My raw hoop-jumping script:

...

I would never allow such scripts in my site. It is important to track the
progress and state changes. This script resets those counters for no
good reason.

I post this comment in the hope that future searches will not encourage
people to try such things.


Understood, point taken, I won't try to promote such a solution,
and I agree that certainly it is not a good general idea indeed.
It should be noted however (or I want to be corrected, please,
if I am wrong), that:

1) Errors are expected on this run since the DD'ed copy is expected
   to deviate from current pool state; if the degradation mark of
   new disk would force it to be kicked out of the pool just because
   there are many CKSUM errors - which we know should be there due
   to manual DD-phase - then the reason is good IMHO (in this one
   case);

2) The progress is tracked by logging the error counts into a text
   file.
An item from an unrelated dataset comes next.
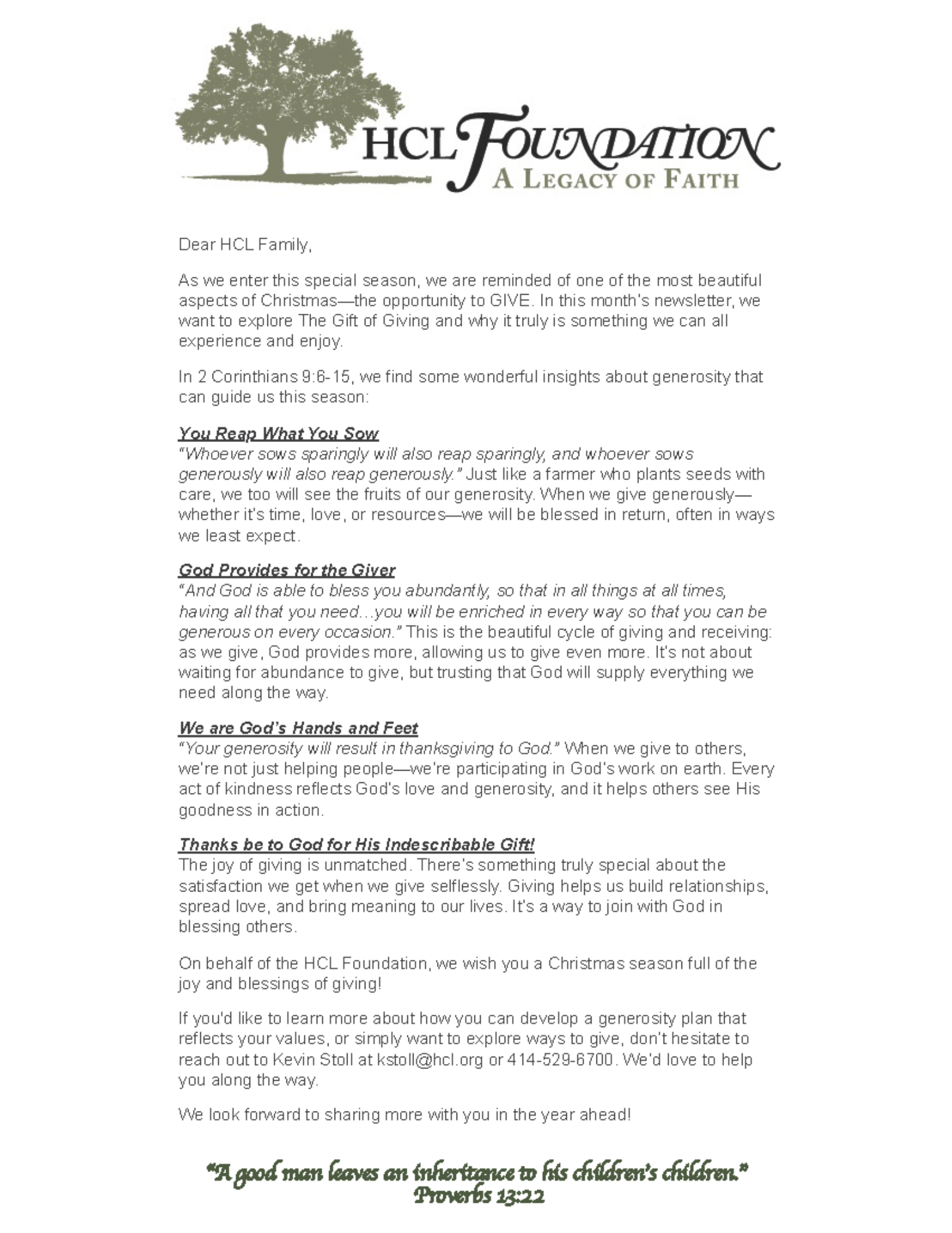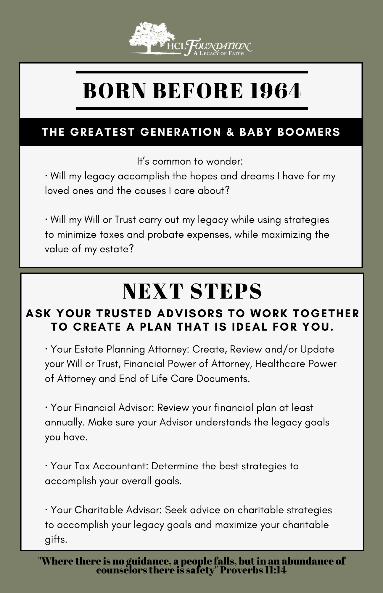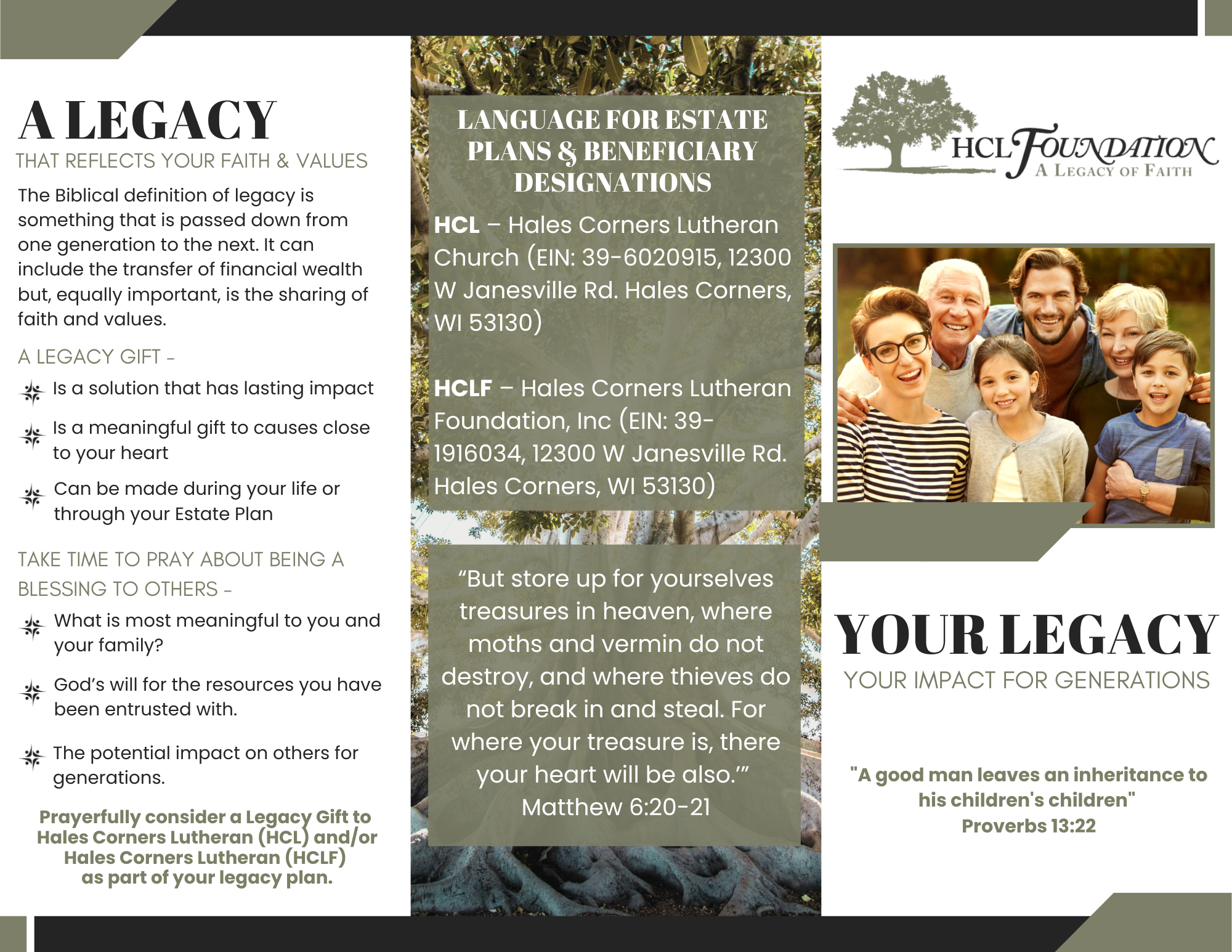 The HCL Foundation is a non-profit organization that was created to support Hales Corners Lutheran as well as provide financial guidance to the members of the church. I met with a few of the Foundation’s members to discuss a refresh of their materials, as well as strategies to re-introduce the congregation to the Foundation. They wanted to not only encourage generous giving and stewardship in the present, but also guide members to the right resources to give them them a successful financial future be able to leave a legacy of generational wealth behind them.

If the admin fired up the script (manually in his terminal
   or a vnc/screen session), he can also look into the log file or
   even tail it.

3) The individual CKSUM errors are summed up in fmstat output, and
   this script does not zero them out, so even system-side tracking
   is not disturbed here.

Anyhow, if there is a device with just a few CKSUM errors, then the
next scrub clears its error counts anyway (if no new problems are
found)

Thanks,
//Jim Klimov
___
zfs-discuss mailing list
zfs-discuss@opensolaris.org
http://mail.opensolaris.org/mailman/listinfo/zfs-discuss


Re: [zfs-discuss] How does resilver/scrub work?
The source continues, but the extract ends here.